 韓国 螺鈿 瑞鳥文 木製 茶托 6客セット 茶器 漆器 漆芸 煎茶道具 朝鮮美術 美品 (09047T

==

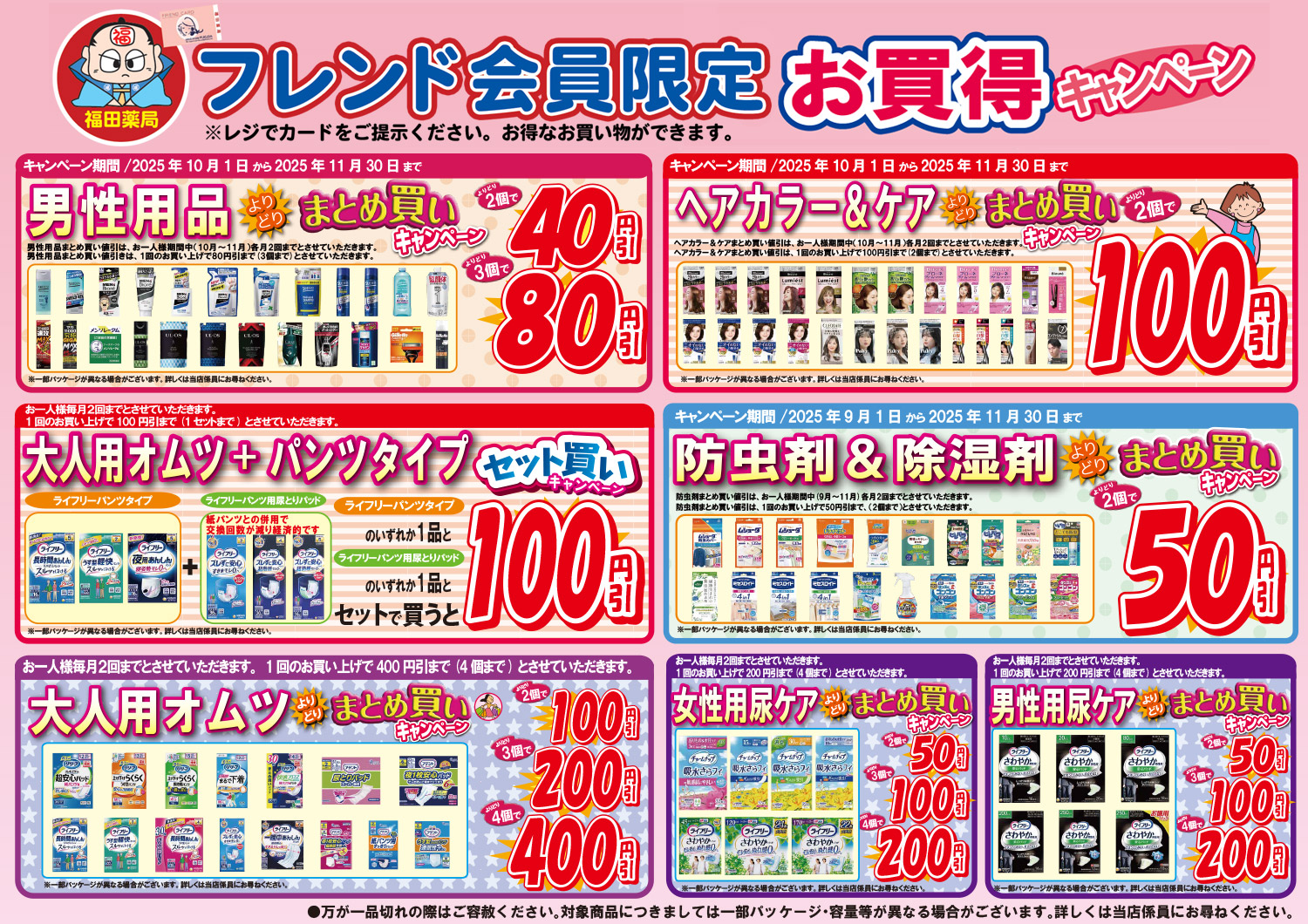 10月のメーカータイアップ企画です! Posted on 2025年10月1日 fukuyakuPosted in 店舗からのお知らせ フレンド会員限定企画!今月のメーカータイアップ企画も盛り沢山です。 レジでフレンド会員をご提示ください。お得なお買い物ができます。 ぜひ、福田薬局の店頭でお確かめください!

--

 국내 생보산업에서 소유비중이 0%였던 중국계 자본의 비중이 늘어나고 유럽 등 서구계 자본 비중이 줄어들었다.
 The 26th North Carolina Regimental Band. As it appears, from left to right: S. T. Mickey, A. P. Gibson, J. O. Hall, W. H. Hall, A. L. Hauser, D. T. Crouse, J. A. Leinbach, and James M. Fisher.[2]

▶ _Task details_
Look above for the line containing "국내 생보산업에서 소유비중이". Output from there through the line containing "The 26th North", exactly and inclusively.

▶ _Exercise solution_
 국내 생보산업에서 소유비중이 0%였던 중국계 자본의 비중이 늘어나고 유럽 등 서구계 자본 비중이 줄어들었다.
 The 26th North Carolina Regimental Band. As it appears, from left to right: S. T. Mickey, A. P. Gibson, J. O. Hall, W. H. Hall, A. L. Hauser, D. T. Crouse, J. A. Leinbach, and James M. Fisher.[2]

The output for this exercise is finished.